Smiling, Adriana considered their words while she allowed Nancy to help her into her moss-green, russet-trimmed traveling dress. Then, sitting again so that her dresser might arrange her hair and help her pull on her tan kid half-boots, she said, “You know, I daresay you are both wrong, and the dragon would merely sit back upon its long tail and laugh. Somehow, one simply cannot imagine Chalford behaving violently. He is far too self-possessed and mild of manner.”

“I like him,” Miranda said simply.

“Well, so do I like him,” retorted her sister, shooting her a sharp look in the mirror. “He is my husband, after all.”

“Like?” Sarah raised her slim, arched brows. “I had hoped you would feel stronger sentiment than mere liking, Dree.”
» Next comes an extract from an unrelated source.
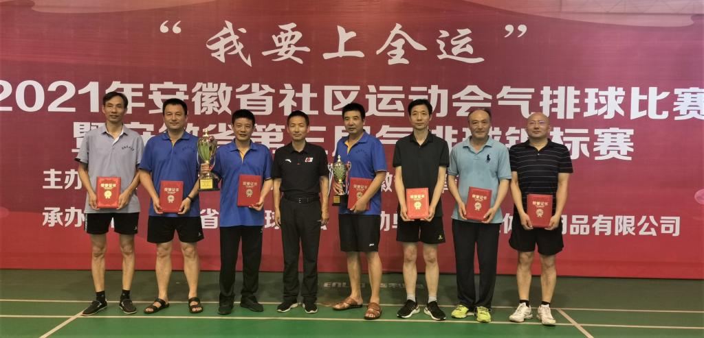 本网讯2021年6月3日,由安徽省体育局、安徽省体育总会主办的“我要上全运” ——2021年安徽省社区运动会气排球比赛暨安徽省第三届气排球锦标赛在安徽省体育馆开赛,我校教职工男子气排球队戮力奋战,勇夺第一名,并获得代表安徽省参加今年6月中旬在山东省举行的中华人民共和国第十四届全国运动会气排球项目的比赛资格。

“Well,” retorted Adriana, “I for one am very glad I have not made such a fool over Chalford as you made of yourself over Mortimer two years ago. I remember, Sarah, and I am very thankful that I have not set the whole town in a buzz over my behavior. I certainly never was guilty of creating a scene that very nearly got me barred from Almack’s.”

“Mortimer told me that night that I was too good for him, that he dared not ask Papa to consider a suit from a mere baron, so of course I did not behave sensibly. And Almack’s becomes increasingly and foolishly rigid, I believe. Had I not begged Mama to speak to Lady Sefton, Mortimer would not even have been allowed to cross the threshold that night. Was anything ever so ridiculous? I am more glad than I can tell you that I fought to marry him, Dree. I love him, and I had hoped that by now you would feel some of those same tender feelings for Chalford.”
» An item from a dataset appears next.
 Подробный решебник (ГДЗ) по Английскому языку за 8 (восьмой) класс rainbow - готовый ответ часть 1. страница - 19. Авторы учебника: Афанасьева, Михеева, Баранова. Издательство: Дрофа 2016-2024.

“Have I not just said that I like the man very well? Goodness, what a piece of work you make over so small a thing. His behavior has been utterly correct, and you surely don’t think Alston allowed us to be private with each other for more than fifteen minutes when he made his offer. I scarcely know him.”

“Then I am surprised that you agreed to marry him, Adriana,” her friend said quietly.
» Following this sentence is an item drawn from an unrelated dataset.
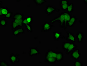 Immunofluorescent analysis of MCF-7 cells using CSB-PA892321LA01HU at dilution of 1: 100 and Alexa Fluor 488-congugated AffiniPure Goat Anti-Rabbit IgG(H+L)

“Well, I am not surprised in the least,” said Miranda, turning from the window where she had been watching the view of Berkeley Square. “I would marry the bootboy if it would get me out of this house, and Chalford is
not
the bootboy.”

“But surely you have had other offers,” Sarah said, looking at Adriana. “Why, I know you have.”

Adriana grimaced. “I am an earl’s daughter, Sarah, as you are yourself, but neither my father nor my brother is as conciliating as your papa was about your love for Clifford. No one less than a viscount would do for me, and then only a viscount who, like Alston or George Villiers, will one day become an earl. The men in my family keep themselves on a very high form, my dear. The fact that no viscount or earl of our acquaintance was interested in a young woman with a mere five thousand pounds as her portion did not deter them from rejecting out of hand any other offer I received. And just consider my competition on the Marriage Mart if you will. Why, Sally Fane’s inheritance is said to be over one hundred thousand pounds, which is much more even than Sophie has. Sally and I came out together, as you know, but George never even looked at me. Nor did the handsome Earl Cowper, once he had met Emily Lamb. No one of consequence did, though I am said to be prettier than Emily and I’m not nearly as silly as Sally can be. You were satisfied with Clifford, Sarah, but a mere baron would never do for Viscount Alston’s sister or the Earl of Wryde’s daughter. They quickly sent what suitors I had to the rightabout.”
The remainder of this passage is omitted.